TASK PROMPT: Using the data below, reproduce exactly the lines from the line with "November 06, 2025" to the line with "WASHINGTON— La construcción", both included; pictures must be dropped.

Records contained in a dataset:
--------------------------------------------------

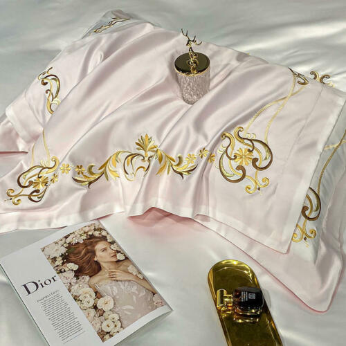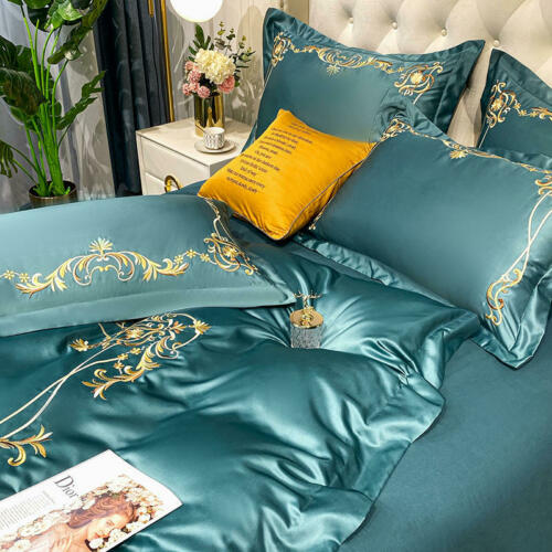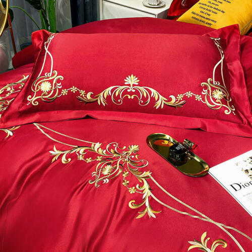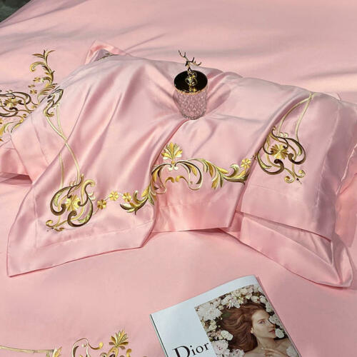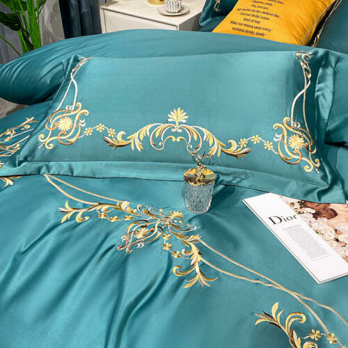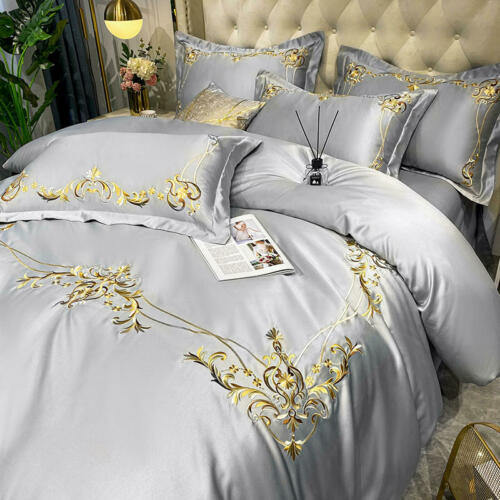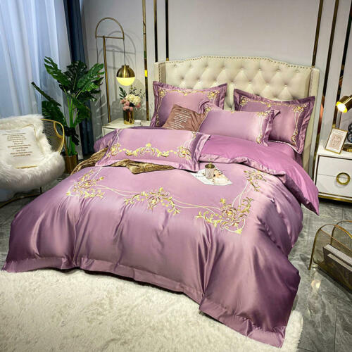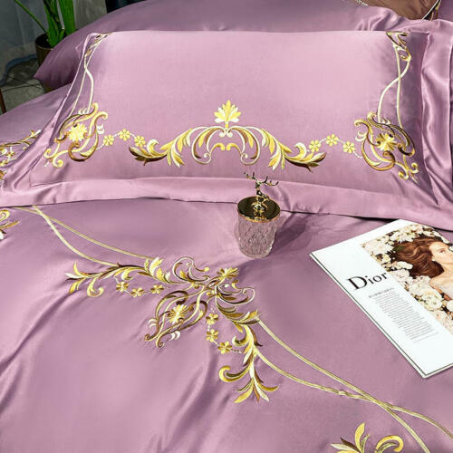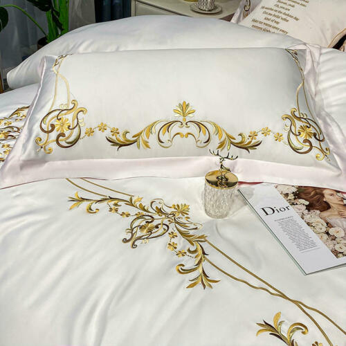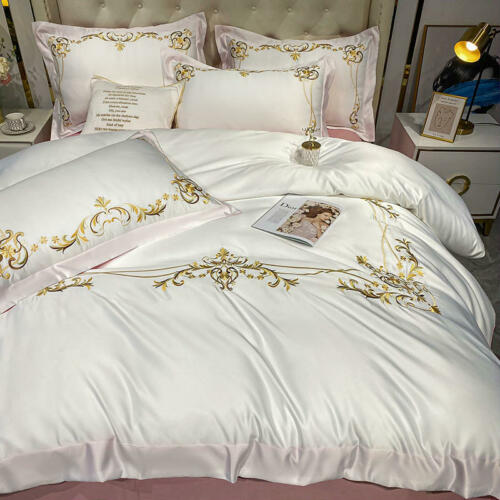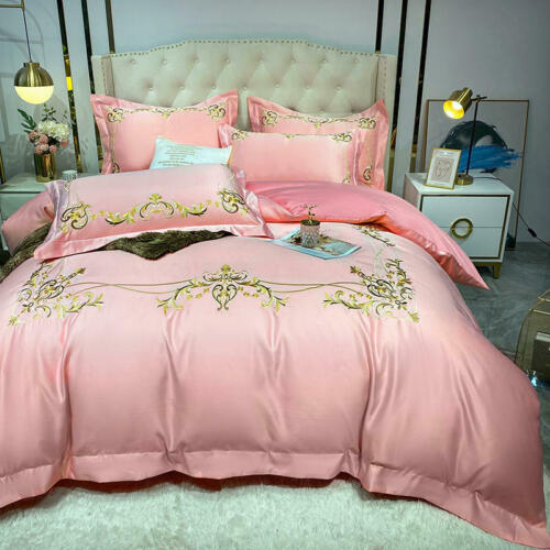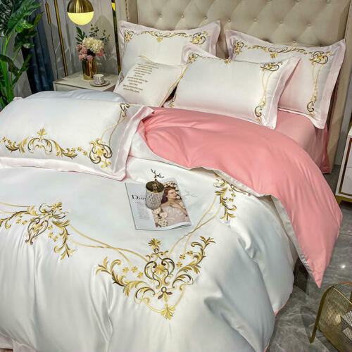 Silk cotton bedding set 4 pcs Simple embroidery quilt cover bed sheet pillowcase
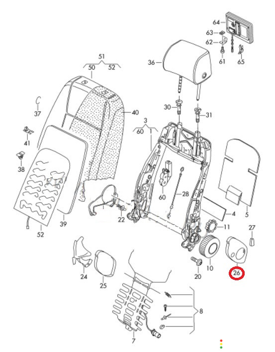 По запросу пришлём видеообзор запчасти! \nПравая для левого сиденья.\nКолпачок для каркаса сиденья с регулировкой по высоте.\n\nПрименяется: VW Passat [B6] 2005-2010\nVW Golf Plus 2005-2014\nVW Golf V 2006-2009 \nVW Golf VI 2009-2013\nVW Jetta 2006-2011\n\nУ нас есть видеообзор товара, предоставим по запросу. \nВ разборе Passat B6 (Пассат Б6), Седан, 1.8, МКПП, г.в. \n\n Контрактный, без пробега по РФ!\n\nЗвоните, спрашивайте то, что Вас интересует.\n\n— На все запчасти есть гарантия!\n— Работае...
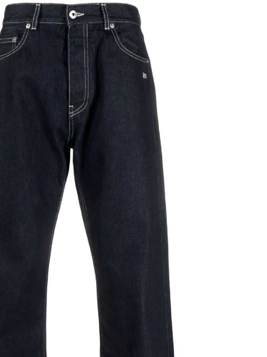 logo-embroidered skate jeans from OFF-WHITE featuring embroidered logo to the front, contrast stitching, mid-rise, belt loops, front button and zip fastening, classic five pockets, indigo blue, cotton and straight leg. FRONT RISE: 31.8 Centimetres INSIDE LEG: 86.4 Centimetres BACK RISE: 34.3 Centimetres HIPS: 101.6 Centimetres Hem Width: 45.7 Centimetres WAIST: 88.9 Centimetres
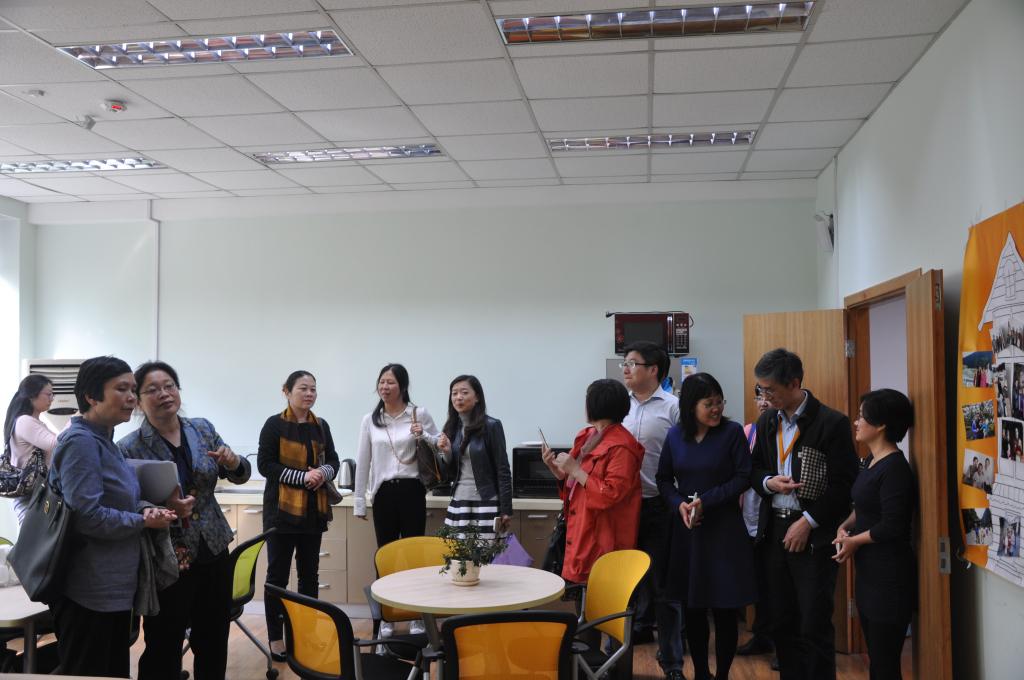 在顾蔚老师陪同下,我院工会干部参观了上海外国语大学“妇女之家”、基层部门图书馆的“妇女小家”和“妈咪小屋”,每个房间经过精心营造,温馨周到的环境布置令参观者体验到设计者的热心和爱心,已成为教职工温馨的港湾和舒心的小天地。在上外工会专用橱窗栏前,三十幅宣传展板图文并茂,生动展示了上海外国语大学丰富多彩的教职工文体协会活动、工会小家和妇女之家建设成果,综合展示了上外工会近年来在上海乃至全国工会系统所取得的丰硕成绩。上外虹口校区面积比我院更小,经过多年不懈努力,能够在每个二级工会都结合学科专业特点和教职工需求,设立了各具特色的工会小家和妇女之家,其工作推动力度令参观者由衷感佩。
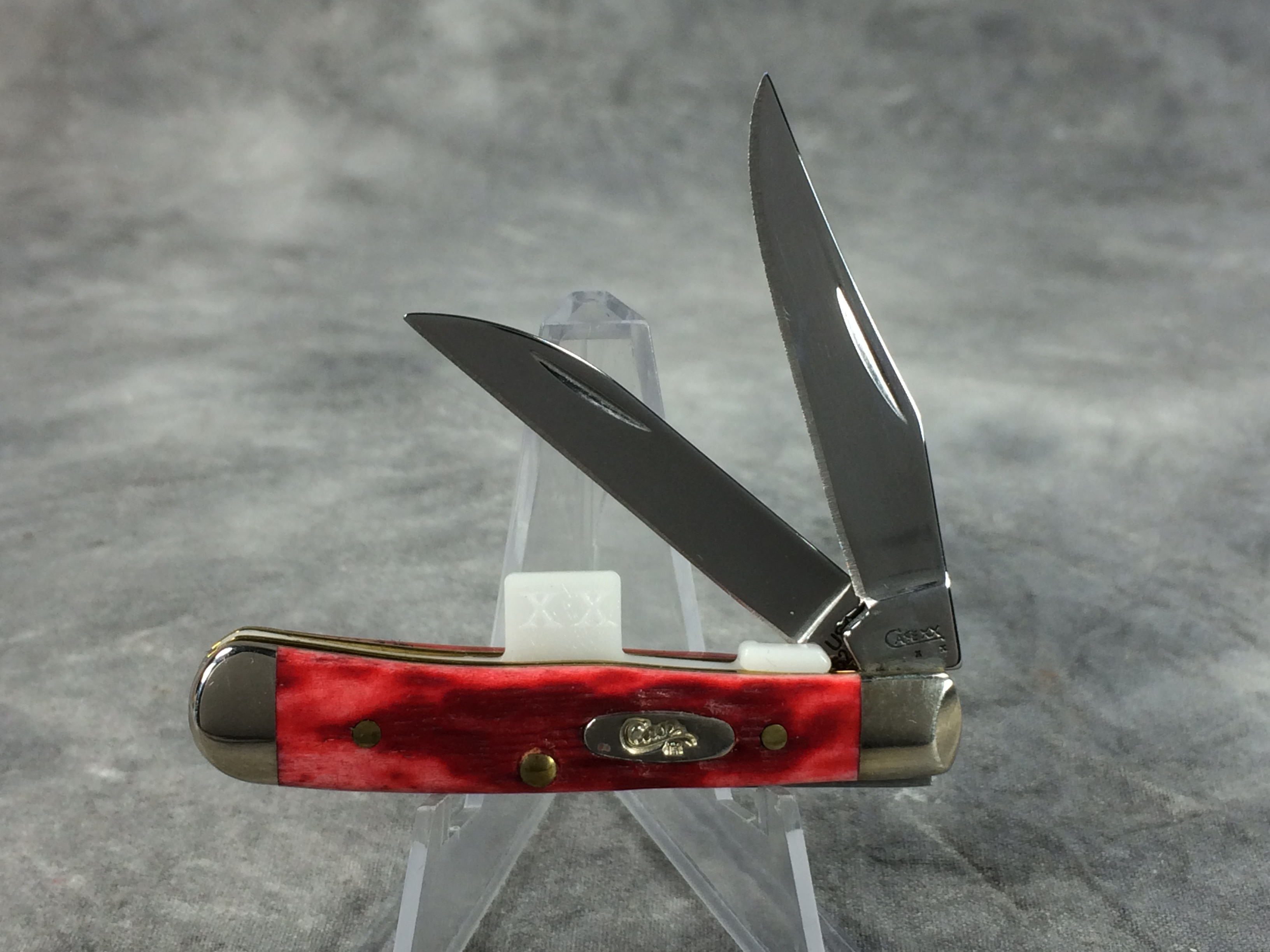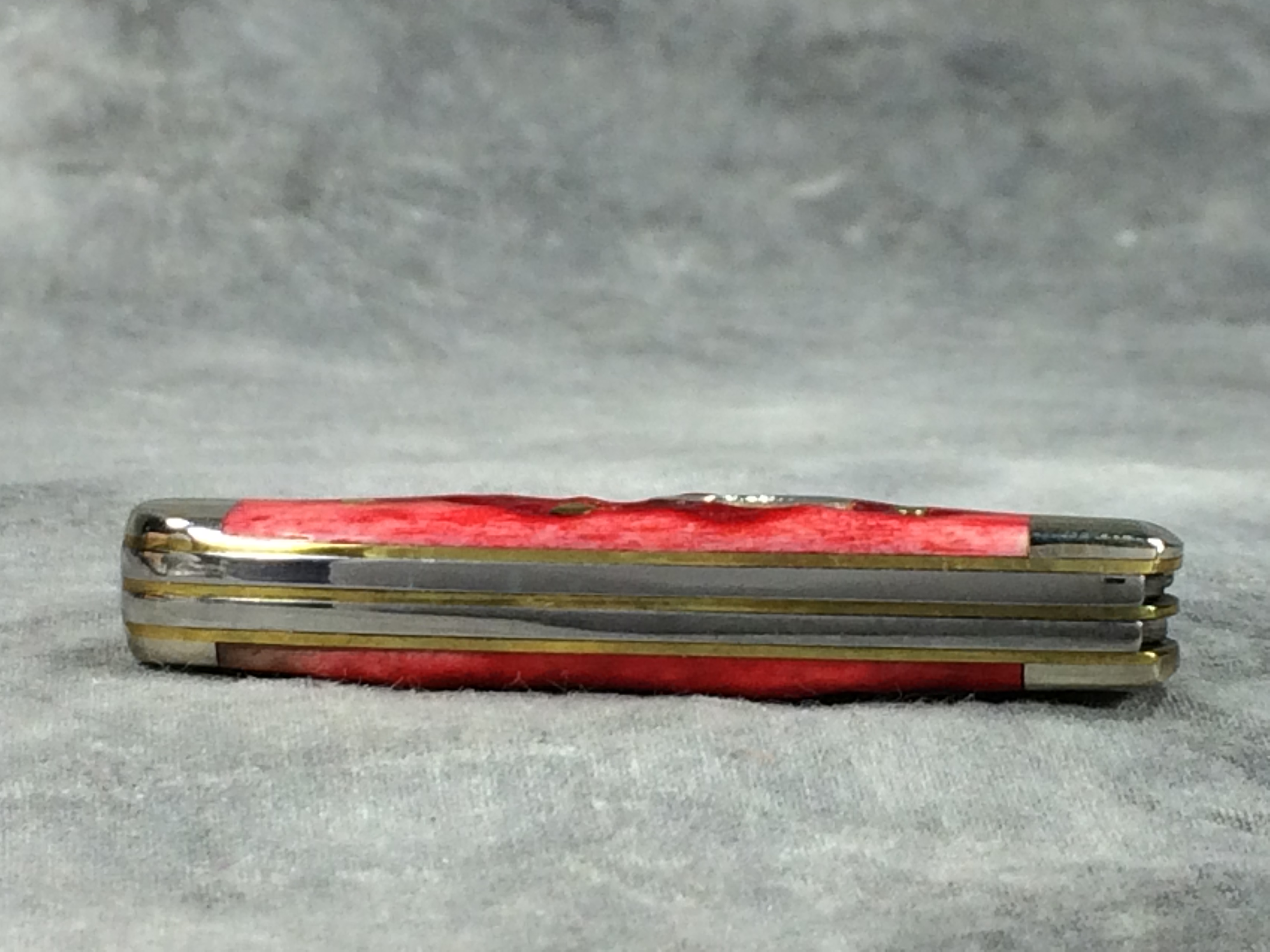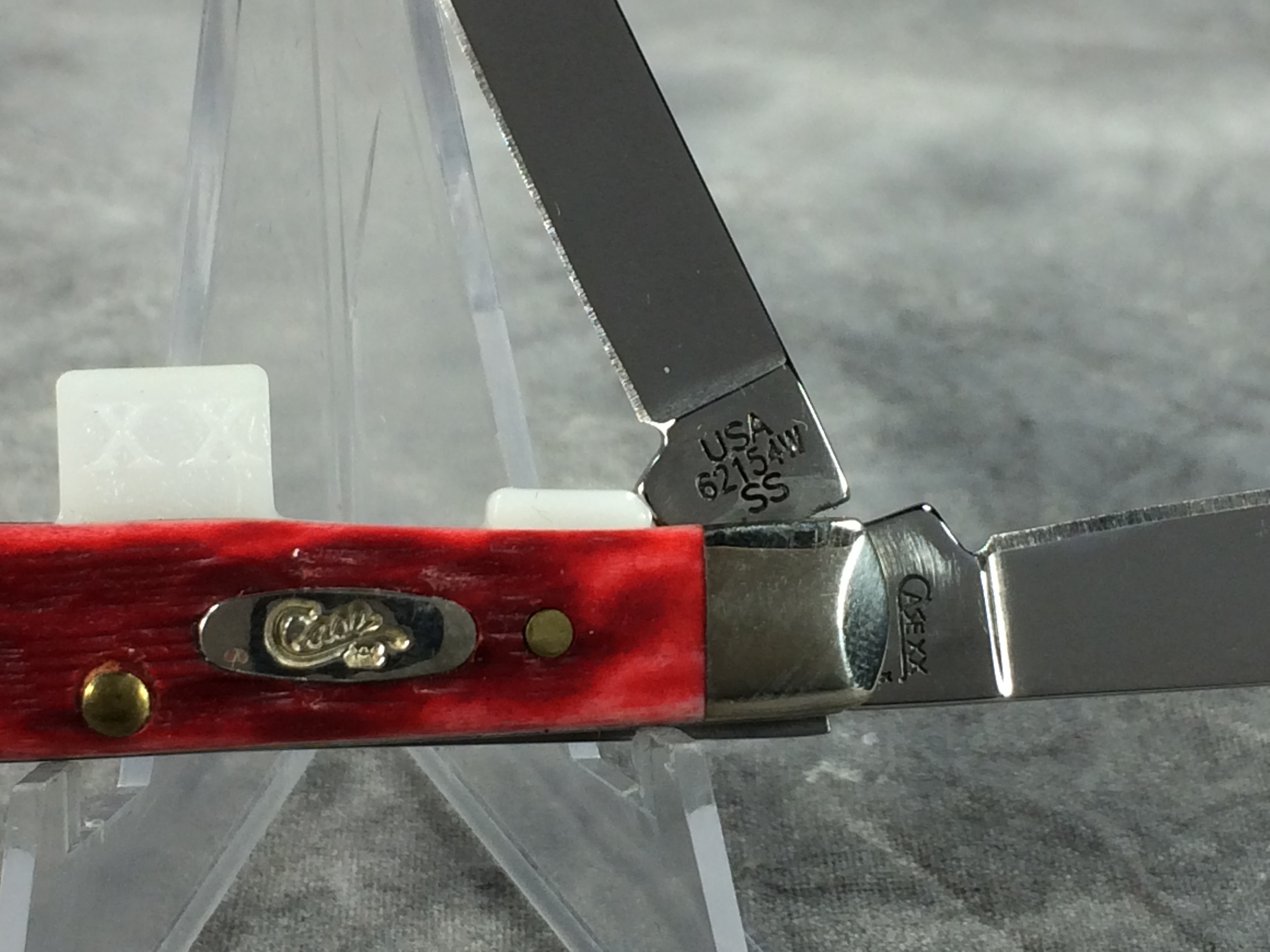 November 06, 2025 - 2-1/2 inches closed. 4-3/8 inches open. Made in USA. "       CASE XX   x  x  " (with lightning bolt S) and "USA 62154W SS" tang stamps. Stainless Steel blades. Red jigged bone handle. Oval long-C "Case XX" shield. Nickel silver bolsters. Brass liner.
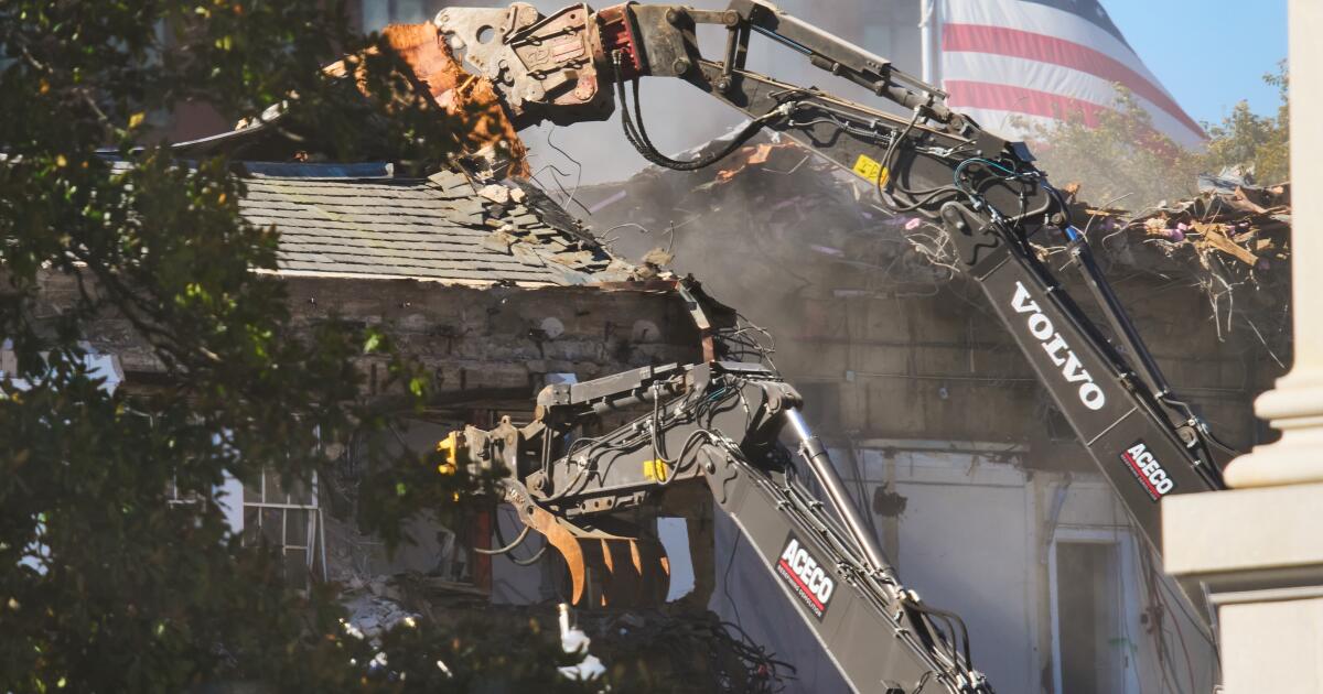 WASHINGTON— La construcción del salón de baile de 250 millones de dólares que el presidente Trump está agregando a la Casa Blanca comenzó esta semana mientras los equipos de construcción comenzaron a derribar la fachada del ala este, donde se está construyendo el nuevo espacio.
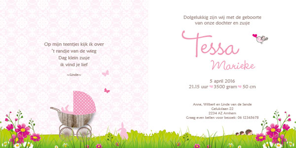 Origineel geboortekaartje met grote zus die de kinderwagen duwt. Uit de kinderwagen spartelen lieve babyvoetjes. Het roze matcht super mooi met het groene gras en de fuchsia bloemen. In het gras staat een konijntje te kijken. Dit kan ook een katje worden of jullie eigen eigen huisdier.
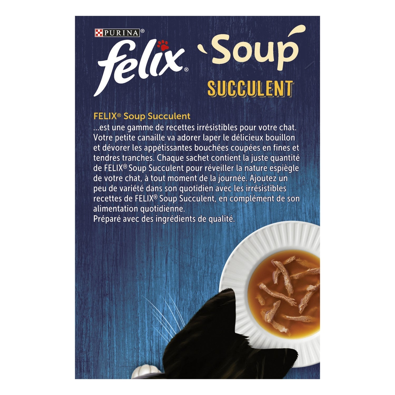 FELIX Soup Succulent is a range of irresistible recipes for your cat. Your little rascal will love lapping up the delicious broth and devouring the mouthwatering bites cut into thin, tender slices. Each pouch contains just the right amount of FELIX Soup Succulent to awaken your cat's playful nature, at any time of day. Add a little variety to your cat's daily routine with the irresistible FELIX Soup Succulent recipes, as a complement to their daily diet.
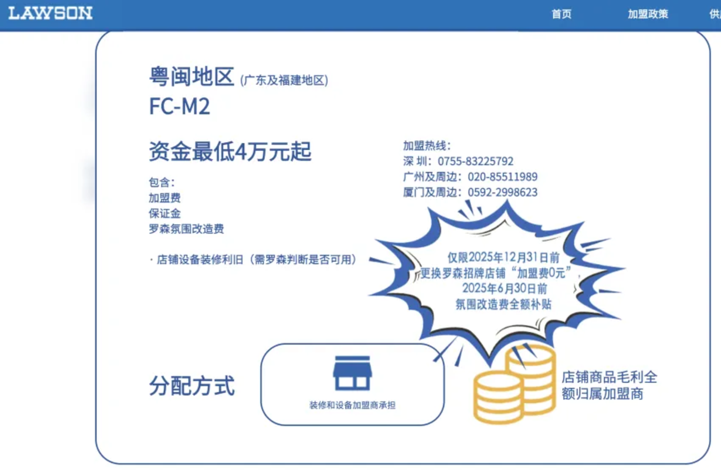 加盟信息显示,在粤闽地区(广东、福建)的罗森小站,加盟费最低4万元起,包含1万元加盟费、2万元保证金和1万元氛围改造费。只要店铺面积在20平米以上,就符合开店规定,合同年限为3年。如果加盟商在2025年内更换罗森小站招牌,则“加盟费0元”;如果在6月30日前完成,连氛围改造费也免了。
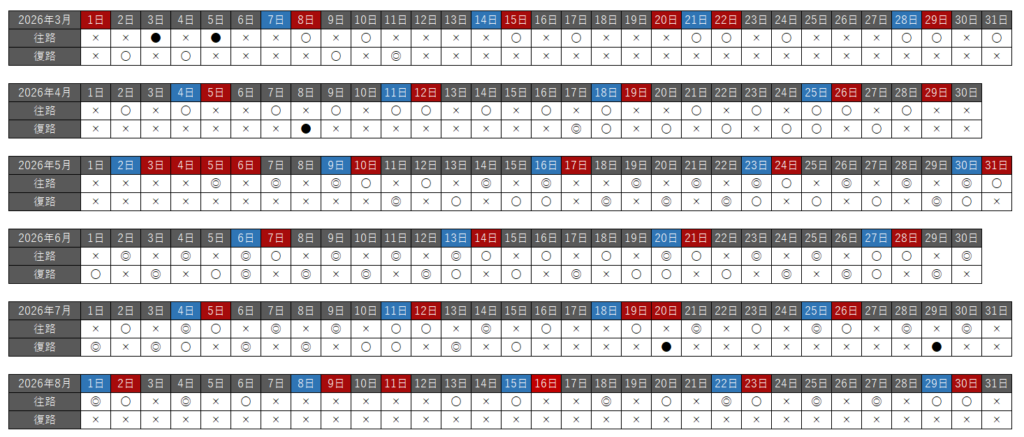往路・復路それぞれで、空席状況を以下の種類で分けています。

--------------------------------------------------

REPLY:
 November 06, 2025 - 2-1/2 inches closed. 4-3/8 inches open. Made in USA. "       CASE XX   x  x  " (with lightning bolt S) and "USA 62154W SS" tang stamps. Stainless Steel blades. Red jigged bone handle. Oval long-C "Case XX" shield. Nickel silver bolsters. Brass liner.
 WASHINGTON— La construcción del salón de baile de 250 millones de dólares que el presidente Trump está agregando a la Casa Blanca comenzó esta semana mientras los equipos de construcción comenzaron a derribar la fachada del ala este, donde se está construyendo el nuevo espacio.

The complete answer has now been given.